- EXTRACTED RECORDS
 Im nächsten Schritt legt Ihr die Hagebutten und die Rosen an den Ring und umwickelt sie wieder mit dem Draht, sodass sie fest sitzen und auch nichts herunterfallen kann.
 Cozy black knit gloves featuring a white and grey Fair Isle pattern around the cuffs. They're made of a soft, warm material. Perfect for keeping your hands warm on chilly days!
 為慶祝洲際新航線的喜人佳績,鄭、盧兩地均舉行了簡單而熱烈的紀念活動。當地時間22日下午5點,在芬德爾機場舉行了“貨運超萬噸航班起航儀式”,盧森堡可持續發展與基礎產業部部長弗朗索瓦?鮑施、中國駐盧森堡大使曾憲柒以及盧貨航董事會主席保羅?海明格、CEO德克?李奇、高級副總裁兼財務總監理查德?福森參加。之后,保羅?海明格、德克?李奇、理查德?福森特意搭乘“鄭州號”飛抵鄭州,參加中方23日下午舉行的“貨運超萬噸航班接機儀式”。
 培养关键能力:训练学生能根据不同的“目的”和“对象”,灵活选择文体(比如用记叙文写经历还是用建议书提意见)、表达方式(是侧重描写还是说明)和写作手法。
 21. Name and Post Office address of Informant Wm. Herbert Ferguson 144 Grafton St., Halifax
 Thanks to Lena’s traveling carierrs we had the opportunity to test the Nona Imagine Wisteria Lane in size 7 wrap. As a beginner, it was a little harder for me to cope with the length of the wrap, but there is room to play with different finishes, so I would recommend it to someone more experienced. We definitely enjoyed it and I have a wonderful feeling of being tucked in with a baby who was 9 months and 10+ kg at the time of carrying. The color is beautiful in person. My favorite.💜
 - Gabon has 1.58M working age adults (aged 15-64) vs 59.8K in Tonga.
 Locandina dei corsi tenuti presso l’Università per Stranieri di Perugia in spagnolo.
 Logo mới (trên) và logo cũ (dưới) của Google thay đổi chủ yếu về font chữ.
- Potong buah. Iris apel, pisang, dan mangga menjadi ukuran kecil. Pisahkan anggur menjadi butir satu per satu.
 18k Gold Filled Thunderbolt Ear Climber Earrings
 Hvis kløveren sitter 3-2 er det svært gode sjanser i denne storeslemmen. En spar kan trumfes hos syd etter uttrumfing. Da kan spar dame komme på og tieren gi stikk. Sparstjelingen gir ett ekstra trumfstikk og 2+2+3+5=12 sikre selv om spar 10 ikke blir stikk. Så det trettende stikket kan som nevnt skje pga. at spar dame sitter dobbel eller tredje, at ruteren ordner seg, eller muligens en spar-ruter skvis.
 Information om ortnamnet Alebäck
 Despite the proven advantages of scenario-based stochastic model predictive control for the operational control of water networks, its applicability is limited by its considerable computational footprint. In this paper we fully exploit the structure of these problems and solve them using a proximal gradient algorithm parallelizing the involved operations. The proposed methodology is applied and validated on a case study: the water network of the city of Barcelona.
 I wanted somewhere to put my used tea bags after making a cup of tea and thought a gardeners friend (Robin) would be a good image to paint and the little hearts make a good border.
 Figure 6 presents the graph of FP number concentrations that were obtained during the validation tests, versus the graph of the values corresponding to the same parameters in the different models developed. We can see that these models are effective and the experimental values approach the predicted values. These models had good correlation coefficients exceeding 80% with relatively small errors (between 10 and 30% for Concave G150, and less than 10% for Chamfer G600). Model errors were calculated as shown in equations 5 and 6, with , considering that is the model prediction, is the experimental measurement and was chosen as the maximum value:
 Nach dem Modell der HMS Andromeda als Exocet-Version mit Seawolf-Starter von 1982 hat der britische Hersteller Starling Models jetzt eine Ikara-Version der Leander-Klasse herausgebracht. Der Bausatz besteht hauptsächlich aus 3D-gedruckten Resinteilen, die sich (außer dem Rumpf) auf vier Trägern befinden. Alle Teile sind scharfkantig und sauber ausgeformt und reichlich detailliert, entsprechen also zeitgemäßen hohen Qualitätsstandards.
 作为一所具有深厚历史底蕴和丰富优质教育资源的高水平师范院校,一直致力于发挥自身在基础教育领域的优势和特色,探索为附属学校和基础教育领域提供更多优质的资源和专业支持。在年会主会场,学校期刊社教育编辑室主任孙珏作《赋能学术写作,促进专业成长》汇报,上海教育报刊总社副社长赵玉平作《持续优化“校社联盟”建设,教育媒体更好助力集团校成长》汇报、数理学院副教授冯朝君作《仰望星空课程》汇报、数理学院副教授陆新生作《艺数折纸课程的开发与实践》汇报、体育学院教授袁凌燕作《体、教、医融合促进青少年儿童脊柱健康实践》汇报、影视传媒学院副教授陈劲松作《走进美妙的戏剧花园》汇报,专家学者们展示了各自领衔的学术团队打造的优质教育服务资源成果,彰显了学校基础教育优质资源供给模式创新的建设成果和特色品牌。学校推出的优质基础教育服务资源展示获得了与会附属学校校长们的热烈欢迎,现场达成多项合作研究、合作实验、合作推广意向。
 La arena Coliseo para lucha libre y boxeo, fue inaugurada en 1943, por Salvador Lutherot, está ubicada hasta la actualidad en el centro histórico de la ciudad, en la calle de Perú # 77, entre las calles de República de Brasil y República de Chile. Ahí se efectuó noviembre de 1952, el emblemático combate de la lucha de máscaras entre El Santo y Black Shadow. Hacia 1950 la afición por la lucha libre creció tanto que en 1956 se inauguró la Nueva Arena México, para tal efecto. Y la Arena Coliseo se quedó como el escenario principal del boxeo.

- PROBLEM REQUIREMENTS
Exactly as they appear above, give the entries again.

- EXPECTED OUTPUT
 Im nächsten Schritt legt Ihr die Hagebutten und die Rosen an den Ring und umwickelt sie wieder mit dem Draht, sodass sie fest sitzen und auch nichts herunterfallen kann.
 Cozy black knit gloves featuring a white and grey Fair Isle pattern around the cuffs. They're made of a soft, warm material. Perfect for keeping your hands warm on chilly days!
 為慶祝洲際新航線的喜人佳績,鄭、盧兩地均舉行了簡單而熱烈的紀念活動。當地時間22日下午5點,在芬德爾機場舉行了“貨運超萬噸航班起航儀式”,盧森堡可持續發展與基礎產業部部長弗朗索瓦?鮑施、中國駐盧森堡大使曾憲柒以及盧貨航董事會主席保羅?海明格、CEO德克?李奇、高級副總裁兼財務總監理查德?福森參加。之后,保羅?海明格、德克?李奇、理查德?福森特意搭乘“鄭州號”飛抵鄭州,參加中方23日下午舉行的“貨運超萬噸航班接機儀式”。
 培养关键能力:训练学生能根据不同的“目的”和“对象”,灵活选择文体(比如用记叙文写经历还是用建议书提意见)、表达方式(是侧重描写还是说明)和写作手法。
 21. Name and Post Office address of Informant Wm. Herbert Ferguson 144 Grafton St., Halifax
 Thanks to Lena’s traveling carierrs we had the opportunity to test the Nona Imagine Wisteria Lane in size 7 wrap. As a beginner, it was a little harder for me to cope with the length of the wrap, but there is room to play with different finishes, so I would recommend it to someone more experienced. We definitely enjoyed it and I have a wonderful feeling of being tucked in with a baby who was 9 months and 10+ kg at the time of carrying. The color is beautiful in person. My favorite.💜
 - Gabon has 1.58M working age adults (aged 15-64) vs 59.8K in Tonga.
 Locandina dei corsi tenuti presso l’Università per Stranieri di Perugia in spagnolo.
 Logo mới (trên) và logo cũ (dưới) của Google thay đổi chủ yếu về font chữ.
- Potong buah. Iris apel, pisang, dan mangga menjadi ukuran kecil. Pisahkan anggur menjadi butir satu per satu.
 18k Gold Filled Thunderbolt Ear Climber Earrings
 Hvis kløveren sitter 3-2 er det svært gode sjanser i denne storeslemmen. En spar kan trumfes hos syd etter uttrumfing. Da kan spar dame komme på og tieren gi stikk. Sparstjelingen gir ett ekstra trumfstikk og 2+2+3+5=12 sikre selv om spar 10 ikke blir stikk. Så det trettende stikket kan som nevnt skje pga. at spar dame sitter dobbel eller tredje, at ruteren ordner seg, eller muligens en spar-ruter skvis.
 Information om ortnamnet Alebäck
 Despite the proven advantages of scenario-based stochastic model predictive control for the operational control of water networks, its applicability is limited by its considerable computational footprint. In this paper we fully exploit the structure of these problems and solve them using a proximal gradient algorithm parallelizing the involved operations. The proposed methodology is applied and validated on a case study: the water network of the city of Barcelona.
 I wanted somewhere to put my used tea bags after making a cup of tea and thought a gardeners friend (Robin) would be a good image to paint and the little hearts make a good border.
 Figure 6 presents the graph of FP number concentrations that were obtained during the validation tests, versus the graph of the values corresponding to the same parameters in the different models developed. We can see that these models are effective and the experimental values approach the predicted values. These models had good correlation coefficients exceeding 80% with relatively small errors (between 10 and 30% for Concave G150, and less than 10% for Chamfer G600). Model errors were calculated as shown in equations 5 and 6, with , considering that is the model prediction, is the experimental measurement and was chosen as the maximum value:
 Nach dem Modell der HMS Andromeda als Exocet-Version mit Seawolf-Starter von 1982 hat der britische Hersteller Starling Models jetzt eine Ikara-Version der Leander-Klasse herausgebracht. Der Bausatz besteht hauptsächlich aus 3D-gedruckten Resinteilen, die sich (außer dem Rumpf) auf vier Trägern befinden. Alle Teile sind scharfkantig und sauber ausgeformt und reichlich detailliert, entsprechen also zeitgemäßen hohen Qualitätsstandards.
 作为一所具有深厚历史底蕴和丰富优质教育资源的高水平师范院校,一直致力于发挥自身在基础教育领域的优势和特色,探索为附属学校和基础教育领域提供更多优质的资源和专业支持。在年会主会场,学校期刊社教育编辑室主任孙珏作《赋能学术写作,促进专业成长》汇报,上海教育报刊总社副社长赵玉平作《持续优化“校社联盟”建设,教育媒体更好助力集团校成长》汇报、数理学院副教授冯朝君作《仰望星空课程》汇报、数理学院副教授陆新生作《艺数折纸课程的开发与实践》汇报、体育学院教授袁凌燕作《体、教、医融合促进青少年儿童脊柱健康实践》汇报、影视传媒学院副教授陈劲松作《走进美妙的戏剧花园》汇报,专家学者们展示了各自领衔的学术团队打造的优质教育服务资源成果,彰显了学校基础教育优质资源供给模式创新的建设成果和特色品牌。学校推出的优质基础教育服务资源展示获得了与会附属学校校长们的热烈欢迎,现场达成多项合作研究、合作实验、合作推广意向。
 La arena Coliseo para lucha libre y boxeo, fue inaugurada en 1943, por Salvador Lutherot, está ubicada hasta la actualidad en el centro histórico de la ciudad, en la calle de Perú # 77, entre las calles de República de Brasil y República de Chile. Ahí se efectuó noviembre de 1952, el emblemático combate de la lucha de máscaras entre El Santo y Black Shadow. Hacia 1950 la afición por la lucha libre creció tanto que en 1956 se inauguró la Nueva Arena México, para tal efecto. Y la Arena Coliseo se quedó como el escenario principal del boxeo.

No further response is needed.